2. The script output will provide you with the URL, login and password to access Kubeflow console.

3. Your kubeflow dashboard is at `https://`. Login as `user@example.com`:

```bash
This is your kubeflow password for user user@example.com:

xxxxxx
```

4. (Optional) To destroy, you must remove the non-Terraform constructed OCI resources, specifically the Istio gateway load balancer. The easiest way here is to remove the service:

```bash
kubectl delete service istio-ingressgateway -n istio-system
```

## Contributing

This project welcomes contributions from the community. Before submitting a pull
request, please [review our contribution guide](./CONTRIBUTING.md).

## Security

Please consult the [security guide](./SECURITY.md) for our responsible security
vulnerability disclosure process.

## License

Copyright (c) 2024 Oracle and/or its affiliates.

Licensed under the Universal Permissive License (UPL), Version 1.0.

See [LICENSE](LICENSE.txt) for more details.

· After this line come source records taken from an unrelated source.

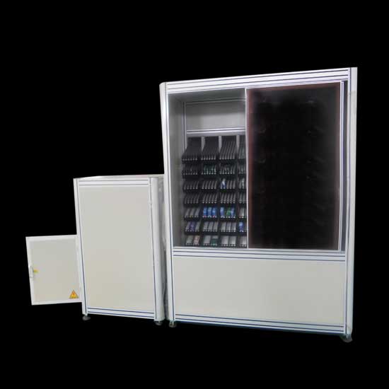 The cased intelligent storage system features independently self-developed software. Each functional block implements independent modularization combination. This piece is also equipped with a low noise conveyor system.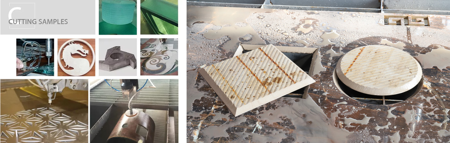 8. O cortador de jato de água pode cortar metal, borracha, espuma, plástico, materiais compostos, pedra, azulejo de cerâmica, mármore, vidro, etc.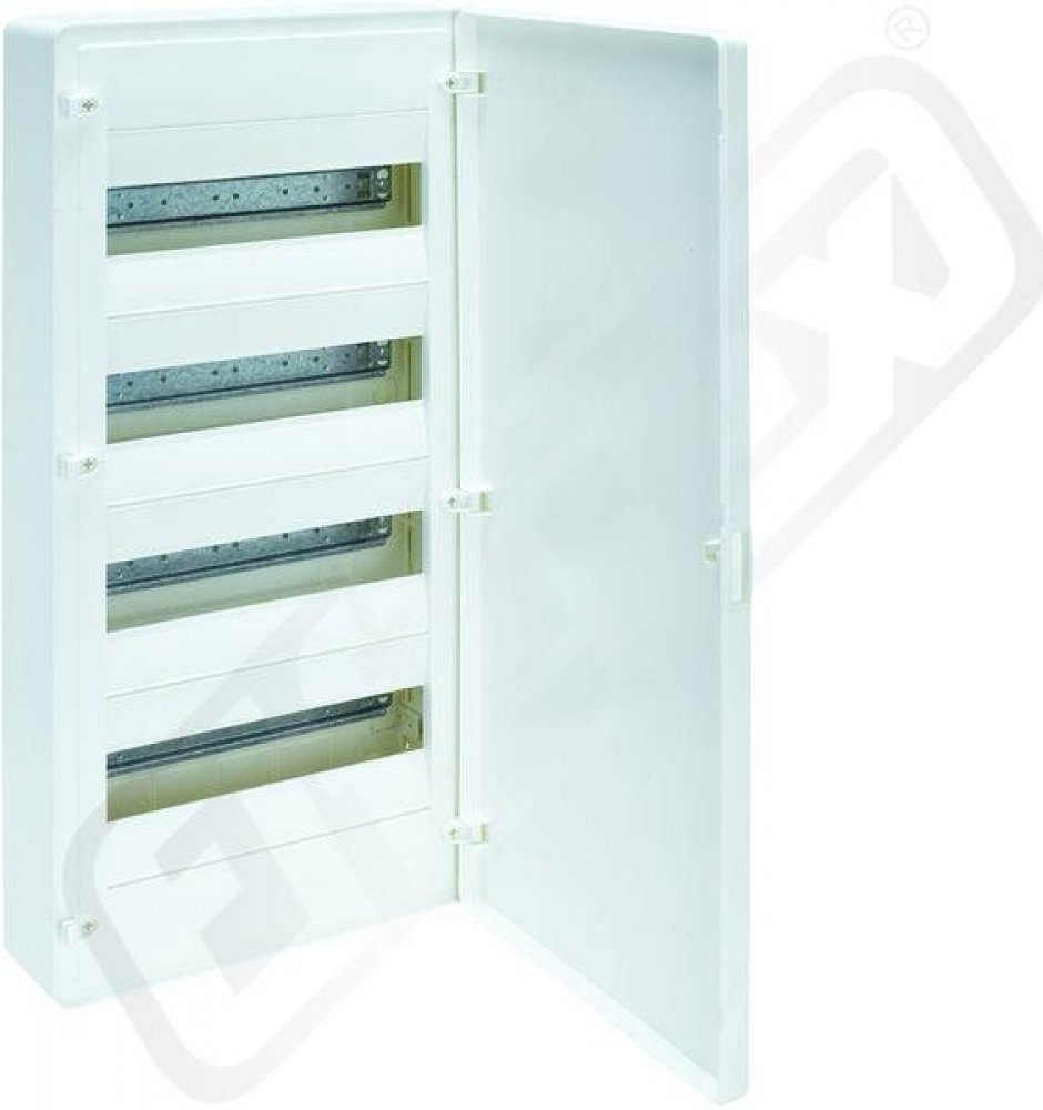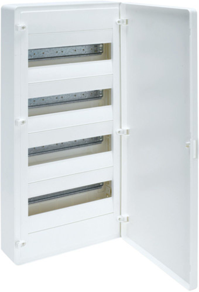 Rozvodnice Golf nástěnná,48M, 4 řadá, plná dvířka Rozvodnice pro nástěnnou montáž VS412PD pro přístroje hloubky 70 mm. Dveře umožňují pravou nebo levou montáž. Změna směru otevírání bez nutnosti demontovat kryt. Dveře se otvírají o 180°. Vstup do rozvodnice může být jednotlivými kabely, nebo lištou.

ORACLE AND ITS AFFILIATES DO NOT PROVIDE ANY WARRANTY WHATSOEVER, EXPRESS OR IMPLIED, FOR ANY SOFTWARE, MATERIAL OR CONTENT OF ANY KIND CONTAINED OR PRODUCED WITHIN THIS REPOSITORY, AND IN PARTICULAR SPECIFICALLY DISCLAIM ANY AND ALL IMPLIED WARRANTIES OF TITLE, NON-INFRINGEMENT, MERCHANTABILITY, AND FITNESS FOR A PARTICULAR PURPOSE. FURTHERMORE, ORACLE AND ITS AFFILIATES DO NOT REPRESENT THAT ANY CUSTOMARY SECURITY REVIEW HAS BEEN PERFORMED WITH RESPECT TO ANY SOFTWARE, MATERIAL OR CONTENT CONTAINED OR PRODUCED WITHIN THIS REPOSITORY. IN ADDITION, AND WITHOUT LIMITING THE FOREGOING, THIRD PARTIES MAY HAVE POSTED SOFTWARE, MATERIAL OR CONTENT TO THIS REPOSITORY WITHOUT ANY REVIEW. USE AT YOUR OWN RISK.